#### INSTRUCTIONS TO FOLLOW:
Without the images, write out the whole listing exactly.

#### RECORDED INFORMATION:
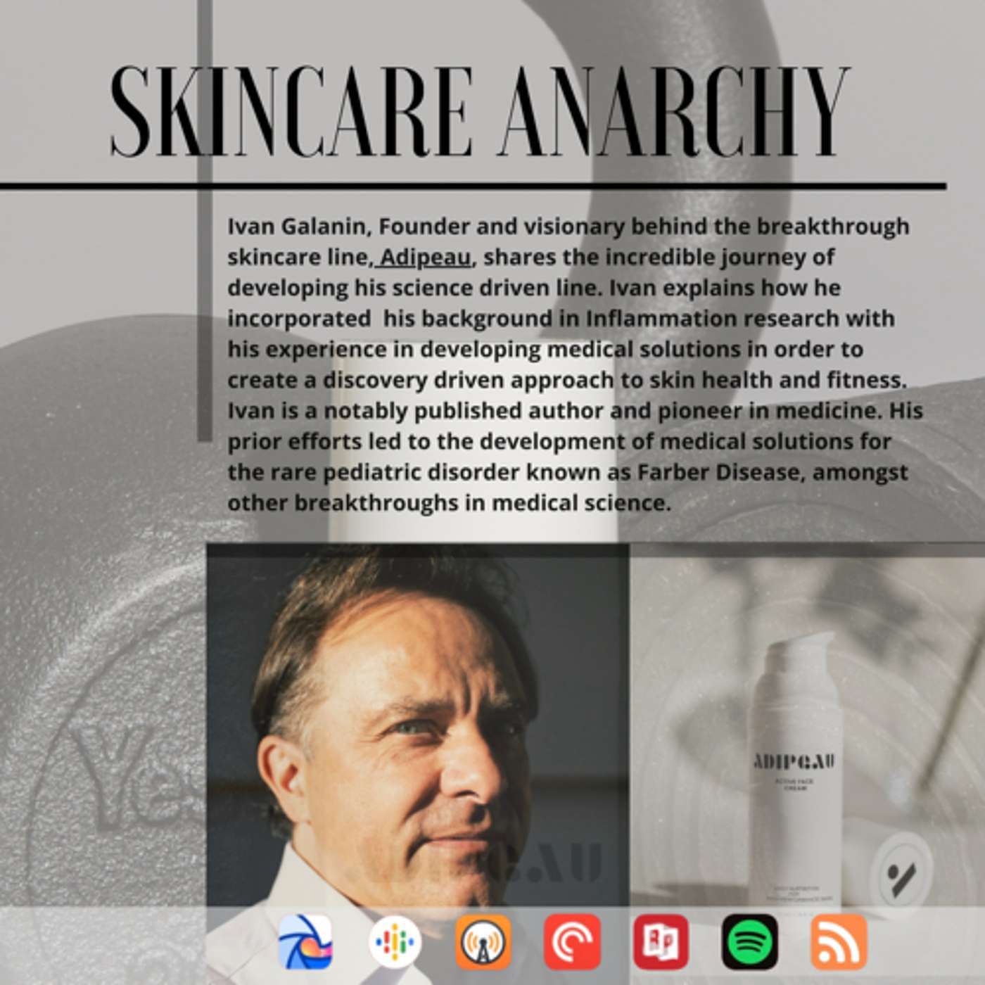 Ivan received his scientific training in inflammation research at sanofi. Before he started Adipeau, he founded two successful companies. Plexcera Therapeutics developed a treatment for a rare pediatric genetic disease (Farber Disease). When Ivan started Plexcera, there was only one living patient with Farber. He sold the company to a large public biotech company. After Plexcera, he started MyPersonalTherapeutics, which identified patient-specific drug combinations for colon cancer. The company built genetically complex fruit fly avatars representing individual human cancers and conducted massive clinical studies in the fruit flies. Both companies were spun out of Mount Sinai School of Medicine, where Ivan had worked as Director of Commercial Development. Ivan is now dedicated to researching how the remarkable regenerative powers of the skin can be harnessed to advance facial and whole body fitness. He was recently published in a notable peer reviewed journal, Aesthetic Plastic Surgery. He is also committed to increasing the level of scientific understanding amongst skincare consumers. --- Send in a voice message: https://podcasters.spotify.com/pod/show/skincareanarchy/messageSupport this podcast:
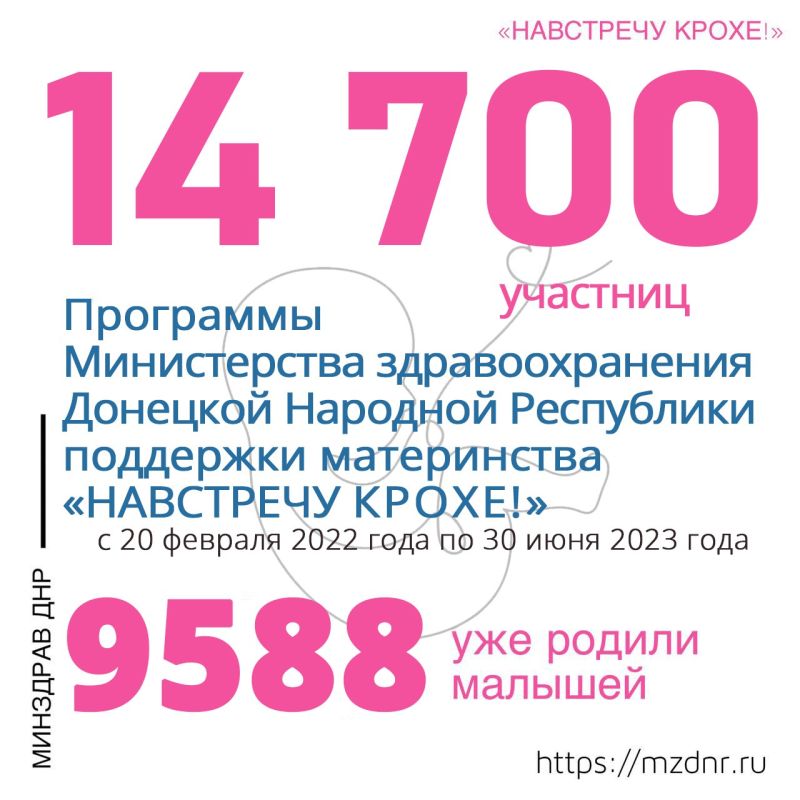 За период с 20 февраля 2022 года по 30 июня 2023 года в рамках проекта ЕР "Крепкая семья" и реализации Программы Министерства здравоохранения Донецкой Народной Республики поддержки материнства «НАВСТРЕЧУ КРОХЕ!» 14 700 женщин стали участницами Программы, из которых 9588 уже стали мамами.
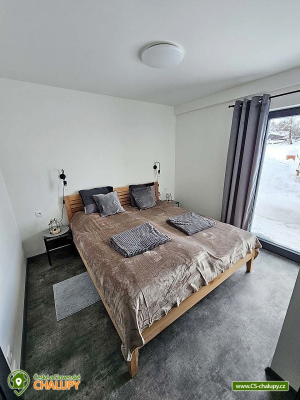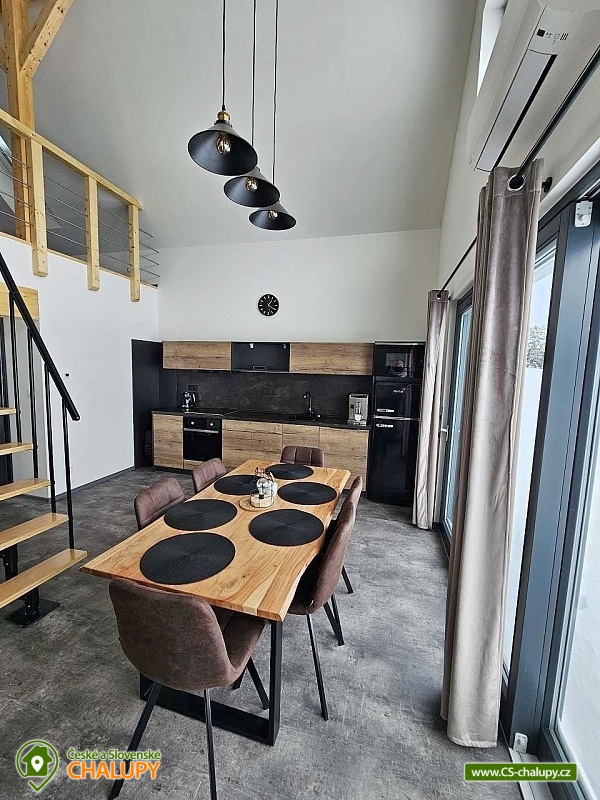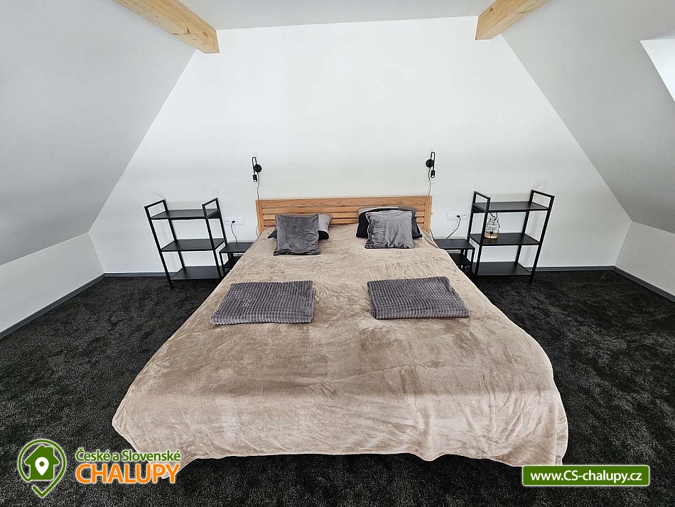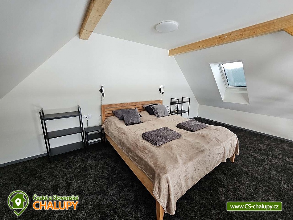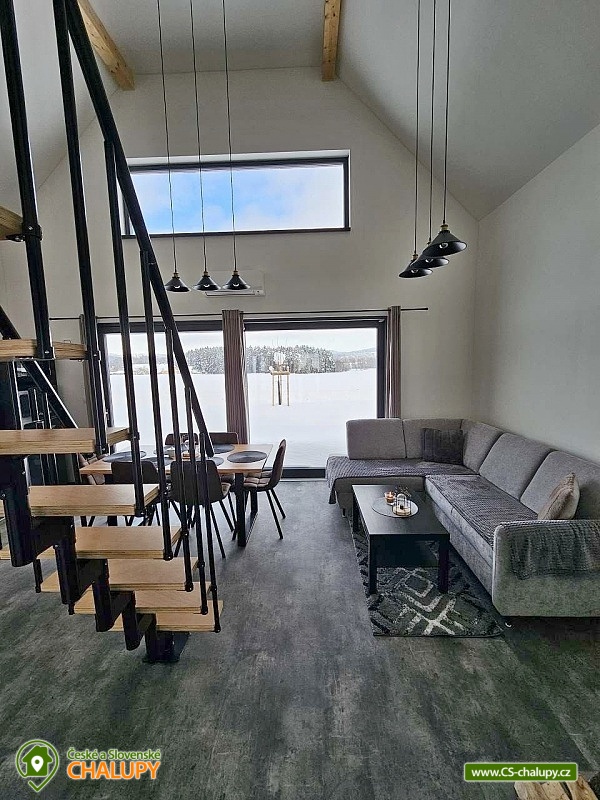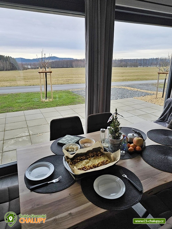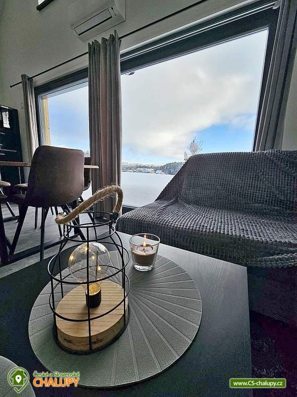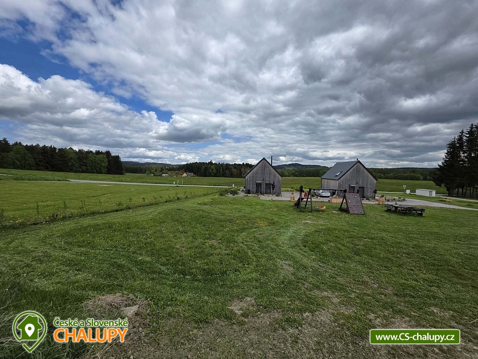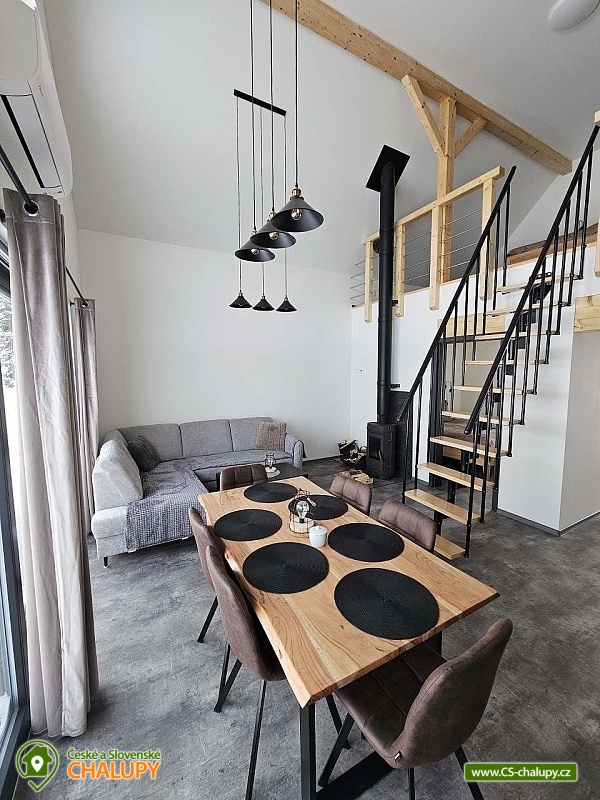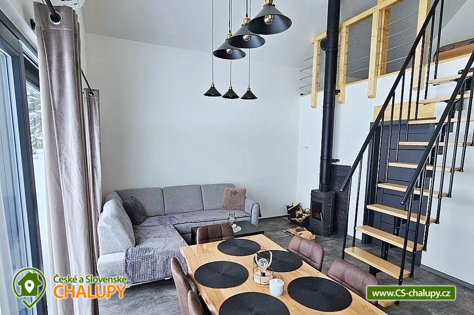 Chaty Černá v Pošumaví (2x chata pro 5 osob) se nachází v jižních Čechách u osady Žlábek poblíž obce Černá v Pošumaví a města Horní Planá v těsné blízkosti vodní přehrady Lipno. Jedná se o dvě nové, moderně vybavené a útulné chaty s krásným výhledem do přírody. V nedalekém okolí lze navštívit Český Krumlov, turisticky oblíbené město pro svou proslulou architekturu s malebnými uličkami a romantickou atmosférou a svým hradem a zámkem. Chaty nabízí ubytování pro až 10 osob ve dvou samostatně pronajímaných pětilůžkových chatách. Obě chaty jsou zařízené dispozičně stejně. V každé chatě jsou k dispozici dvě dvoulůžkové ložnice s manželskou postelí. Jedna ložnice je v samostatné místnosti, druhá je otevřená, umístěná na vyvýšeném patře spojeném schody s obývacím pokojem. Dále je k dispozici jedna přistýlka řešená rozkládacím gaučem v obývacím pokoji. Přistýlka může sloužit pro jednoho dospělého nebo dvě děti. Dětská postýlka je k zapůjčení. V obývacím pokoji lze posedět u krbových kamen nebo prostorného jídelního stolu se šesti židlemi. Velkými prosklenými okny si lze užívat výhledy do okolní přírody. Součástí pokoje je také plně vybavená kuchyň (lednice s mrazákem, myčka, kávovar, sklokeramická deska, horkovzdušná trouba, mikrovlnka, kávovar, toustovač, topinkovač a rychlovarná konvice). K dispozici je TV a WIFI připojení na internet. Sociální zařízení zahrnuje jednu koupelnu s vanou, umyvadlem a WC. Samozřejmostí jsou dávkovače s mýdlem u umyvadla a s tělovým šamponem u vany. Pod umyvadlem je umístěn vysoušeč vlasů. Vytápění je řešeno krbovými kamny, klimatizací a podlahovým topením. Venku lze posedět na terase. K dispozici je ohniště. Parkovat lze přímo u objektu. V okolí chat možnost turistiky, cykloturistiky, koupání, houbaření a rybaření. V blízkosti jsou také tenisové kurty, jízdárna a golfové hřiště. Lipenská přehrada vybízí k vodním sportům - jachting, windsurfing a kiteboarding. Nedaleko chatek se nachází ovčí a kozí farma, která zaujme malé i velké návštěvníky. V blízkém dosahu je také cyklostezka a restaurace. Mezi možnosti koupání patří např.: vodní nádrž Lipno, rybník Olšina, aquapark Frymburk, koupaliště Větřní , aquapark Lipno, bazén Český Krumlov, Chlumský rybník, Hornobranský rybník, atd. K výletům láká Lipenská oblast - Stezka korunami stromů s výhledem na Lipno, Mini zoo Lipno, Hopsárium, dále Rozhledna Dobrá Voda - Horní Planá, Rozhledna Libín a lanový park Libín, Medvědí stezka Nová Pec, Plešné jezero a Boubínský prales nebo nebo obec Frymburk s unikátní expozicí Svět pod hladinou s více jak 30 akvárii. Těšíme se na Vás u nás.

#### SOLUTION:
 Ivan received his scientific training in inflammation research at sanofi. Before he started Adipeau, he founded two successful companies. Plexcera Therapeutics developed a treatment for a rare pediatric genetic disease (Farber Disease). When Ivan started Plexcera, there was only one living patient with Farber. He sold the company to a large public biotech company. After Plexcera, he started MyPersonalTherapeutics, which identified patient-specific drug combinations for colon cancer. The company built genetically complex fruit fly avatars representing individual human cancers and conducted massive clinical studies in the fruit flies. Both companies were spun out of Mount Sinai School of Medicine, where Ivan had worked as Director of Commercial Development. Ivan is now dedicated to researching how the remarkable regenerative powers of the skin can be harnessed to advance facial and whole body fitness. He was recently published in a notable peer reviewed journal, Aesthetic Plastic Surgery. He is also committed to increasing the level of scientific understanding amongst skincare consumers. --- Send in a voice message: https://podcasters.spotify.com/pod/show/skincareanarchy/messageSupport this podcast:
 За период с 20 февраля 2022 года по 30 июня 2023 года в рамках проекта ЕР "Крепкая семья" и реализации Программы Министерства здравоохранения Донецкой Народной Республики поддержки материнства «НАВСТРЕЧУ КРОХЕ!» 14 700 женщин стали участницами Программы, из которых 9588 уже стали мамами.
 Chaty Černá v Pošumaví (2x chata pro 5 osob) se nachází v jižních Čechách u osady Žlábek poblíž obce Černá v Pošumaví a města Horní Planá v těsné blízkosti vodní přehrady Lipno. Jedná se o dvě nové, moderně vybavené a útulné chaty s krásným výhledem do přírody. V nedalekém okolí lze navštívit Český Krumlov, turisticky oblíbené město pro svou proslulou architekturu s malebnými uličkami a romantickou atmosférou a svým hradem a zámkem. Chaty nabízí ubytování pro až 10 osob ve dvou samostatně pronajímaných pětilůžkových chatách. Obě chaty jsou zařízené dispozičně stejně. V každé chatě jsou k dispozici dvě dvoulůžkové ložnice s manželskou postelí. Jedna ložnice je v samostatné místnosti, druhá je otevřená, umístěná na vyvýšeném patře spojeném schody s obývacím pokojem. Dále je k dispozici jedna přistýlka řešená rozkládacím gaučem v obývacím pokoji. Přistýlka může sloužit pro jednoho dospělého nebo dvě děti. Dětská postýlka je k zapůjčení. V obývacím pokoji lze posedět u krbových kamen nebo prostorného jídelního stolu se šesti židlemi. Velkými prosklenými okny si lze užívat výhledy do okolní přírody. Součástí pokoje je také plně vybavená kuchyň (lednice s mrazákem, myčka, kávovar, sklokeramická deska, horkovzdušná trouba, mikrovlnka, kávovar, toustovač, topinkovač a rychlovarná konvice). K dispozici je TV a WIFI připojení na internet. Sociální zařízení zahrnuje jednu koupelnu s vanou, umyvadlem a WC. Samozřejmostí jsou dávkovače s mýdlem u umyvadla a s tělovým šamponem u vany. Pod umyvadlem je umístěn vysoušeč vlasů. Vytápění je řešeno krbovými kamny, klimatizací a podlahovým topením. Venku lze posedět na terase. K dispozici je ohniště. Parkovat lze přímo u objektu. V okolí chat možnost turistiky, cykloturistiky, koupání, houbaření a rybaření. V blízkosti jsou také tenisové kurty, jízdárna a golfové hřiště. Lipenská přehrada vybízí k vodním sportům - jachting, windsurfing a kiteboarding. Nedaleko chatek se nachází ovčí a kozí farma, která zaujme malé i velké návštěvníky. V blízkém dosahu je také cyklostezka a restaurace. Mezi možnosti koupání patří např.: vodní nádrž Lipno, rybník Olšina, aquapark Frymburk, koupaliště Větřní , aquapark Lipno, bazén Český Krumlov, Chlumský rybník, Hornobranský rybník, atd. K výletům láká Lipenská oblast - Stezka korunami stromů s výhledem na Lipno, Mini zoo Lipno, Hopsárium, dále Rozhledna Dobrá Voda - Horní Planá, Rozhledna Libín a lanový park Libín, Medvědí stezka Nová Pec, Plešné jezero a Boubínský prales nebo nebo obec Frymburk s unikátní expozicí Svět pod hladinou s více jak 30 akvárii. Těšíme se na Vás u nás.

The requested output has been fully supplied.